NEW YORK - A run of record highs in the stock market came to an end Tuesday as the Standard & Poor's 500 index lost ground for just the second time this month.

The slight loss for the index broke a four-day string of all-time highs.

Shares of RadioShack sank after the retailer's losses deepened, and MetLife rose after the insurer announced a plan to buy back its own stock.

The Standard & Poor's 500 index slipped 0.48 of point, or 0.02 percent, to close at 1,950.79 on a quiet day for trading. The most widely used benchmark for mutual funds closed at an all-time high on Monday, its fourth record high in a row.

Six industry groups in the S&P 500 fell and four rose Tuesday, though none moved by more than 0.3 percent.

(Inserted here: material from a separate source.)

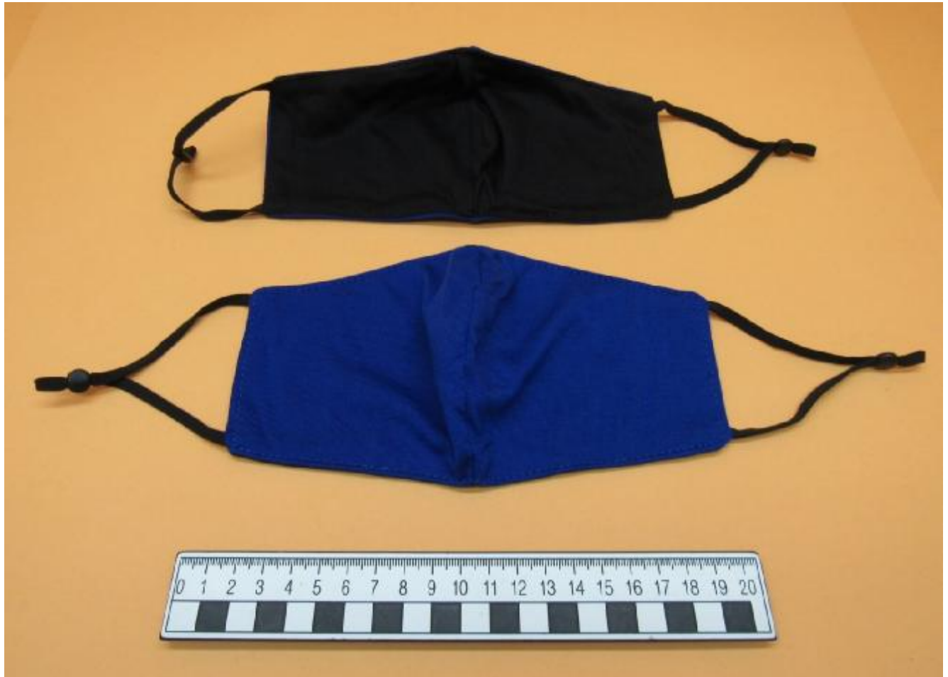
Mascarilla higiéncia reutilizable ref. 6646

The Dow Jones industrial average rose 2.82 points, or 0.02 percent, to 16,945.92, while the Nasdaq picked up 1.75 points, or 0.04 percent, to 4,338.

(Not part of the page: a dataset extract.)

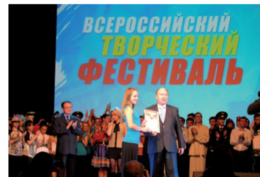
Всероссийский творческий фестиваль транспортных вузов «ТрансАрт-2012» 10.12.2012 г.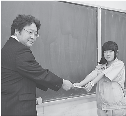
〈盛岡支部〉 7月6日(月) 盛岡工業高校へ

After slumping earlier this year, the stock market has been on a slow and steady climb since April. In recent weeks, a number of encouraging economic reports have helped push the S&P 500 to a series of record highs and left the index up 5.5 percent for the year. Some analysts argue that this success rests on shaky ground.

"I've never seen a rally that has been so hated and mistrusted before," said Dan Veru, chief investment officer at Palisade Capital Management. "People ask me, 'Why is the stock market up? When should I bail out before the next crash?'"

Veru said one reason for the mistrust is that most people don't feel like the economy is strong enough.

"It's slow but improving and if you're a stock investor, that implies higher corporate profits and, eventually, higher stock prices," he said.

Before the market opened Tuesday, RadioShack posted a deeper quarterly loss than analysts had expected. Sales fell as the retailer tries to remake its image. RadioShack dropped 16 cents, or 10 percent, to $1.38.

MetLife announced plans to buy its own shares, aiming to spend up to $1 billion. The news sent MetLife up 39 cents, or 0.7 percent, to $55.05.

More evidence of an improving economy came Tuesday when the government reported that wholesalers added to their stockpiles of goods in April, a move that suggests they anticipate stronger growth. A separate report showed that the number of job openings climbed to 4.5 million in April, the highest figure since September 2007. The increase could be a hint of stronger hiring in the months ahead.

"The labor market recovery looks for real," Chris Rupkey, chief financial economist at the Bank of Tokyo-Mitsubishi, wrote in a note to clients. "The economy is better than you think."

In the market for U.S. government bonds, the yield on the 10-year Treasury inched up to 2.64 percent from 2.61 percent late Monday. Yields rise when bond prices fall. The price of oil fell 6 cents to settle at $104.35 a barrel.

Among other companies in the news:

- After rising to $165.48 in the morning, Allergan's stock went into reverse and lost $1.06 cents, or 0.6 percent, to $163.09. The company rejected a buyout offer from Valeant Pharmaceuticals and Bill Ackman's Pershing Square Capital Management, saying the $53 billion bid undervalues the maker of Botox.

- Best Buy's stock rose 69 cents, or 2 percent, to $29.49 after the retailer said it was going to raise its quarterly dividend by two cents to 19 cents a share. The move comes a month after Best Buy reported its highest quarterly profit in more than three years.